SOURCE DATA below:
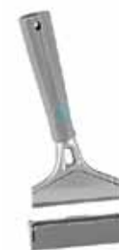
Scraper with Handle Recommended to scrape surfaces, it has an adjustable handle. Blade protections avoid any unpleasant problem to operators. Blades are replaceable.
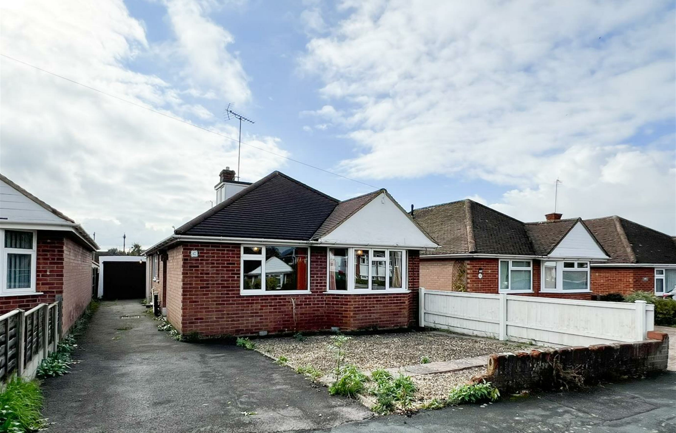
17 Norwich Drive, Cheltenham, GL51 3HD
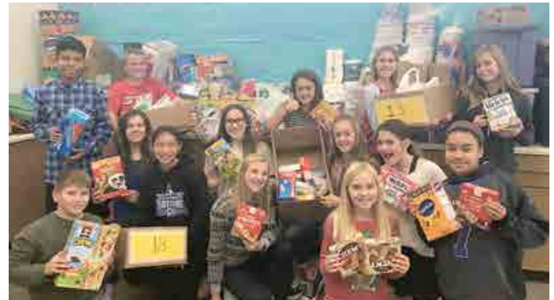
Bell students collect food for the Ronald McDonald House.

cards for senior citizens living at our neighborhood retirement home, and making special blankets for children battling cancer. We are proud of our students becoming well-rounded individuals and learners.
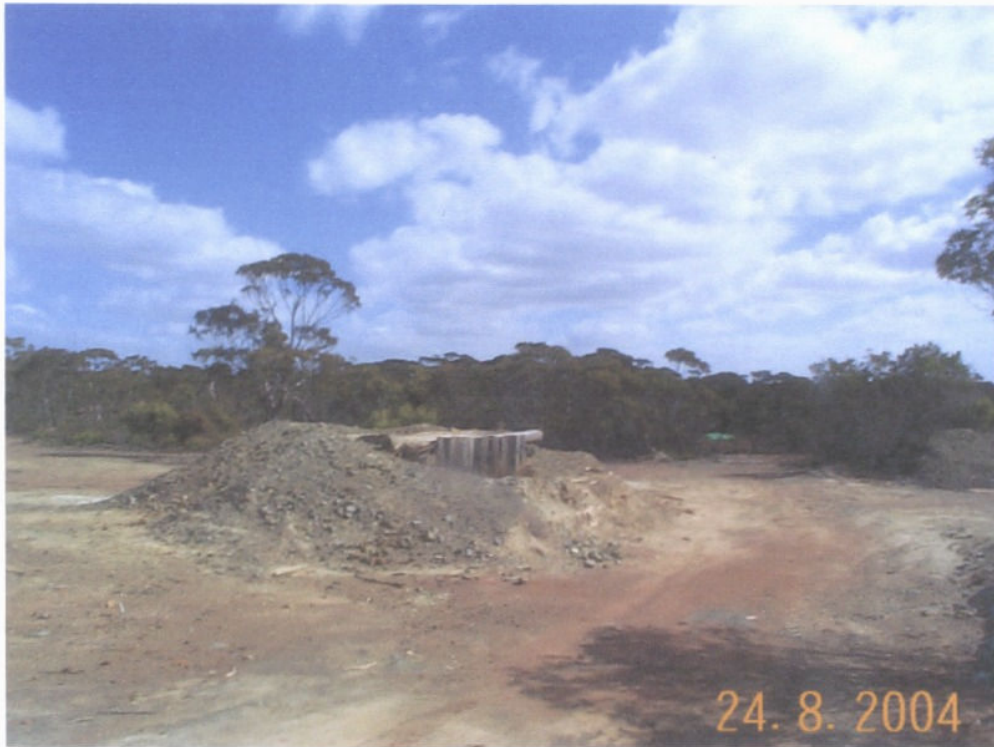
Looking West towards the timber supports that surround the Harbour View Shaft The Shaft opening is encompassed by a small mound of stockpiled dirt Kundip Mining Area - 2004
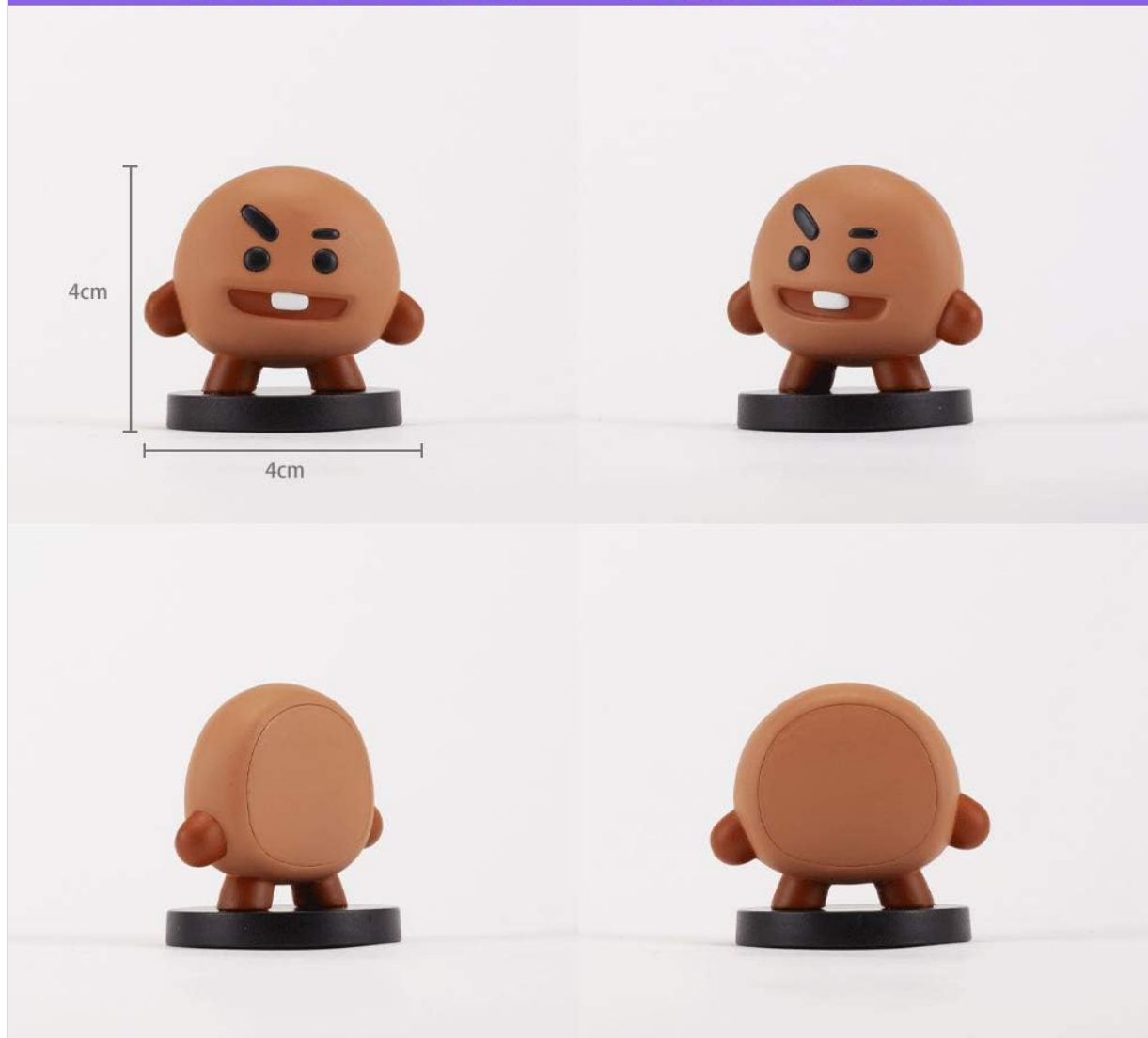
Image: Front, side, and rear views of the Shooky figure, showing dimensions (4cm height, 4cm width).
End of SOURCE DATA.
**EXERCISE OBJECTIVE**
Pictures are to be left out, and the lines from the beginning of the records through the line with "Bell students collect" are to be printed exactly, with nothing added.

**RESPONSE TO THE EXERCISE**
Scraper with Handle Recommended to scrape surfaces, it has an adjustable handle. Blade protections avoid any unpleasant problem to operators. Blades are replaceable.
17 Norwich Drive, Cheltenham, GL51 3HD
Bell students collect food for the Ronald McDonald House.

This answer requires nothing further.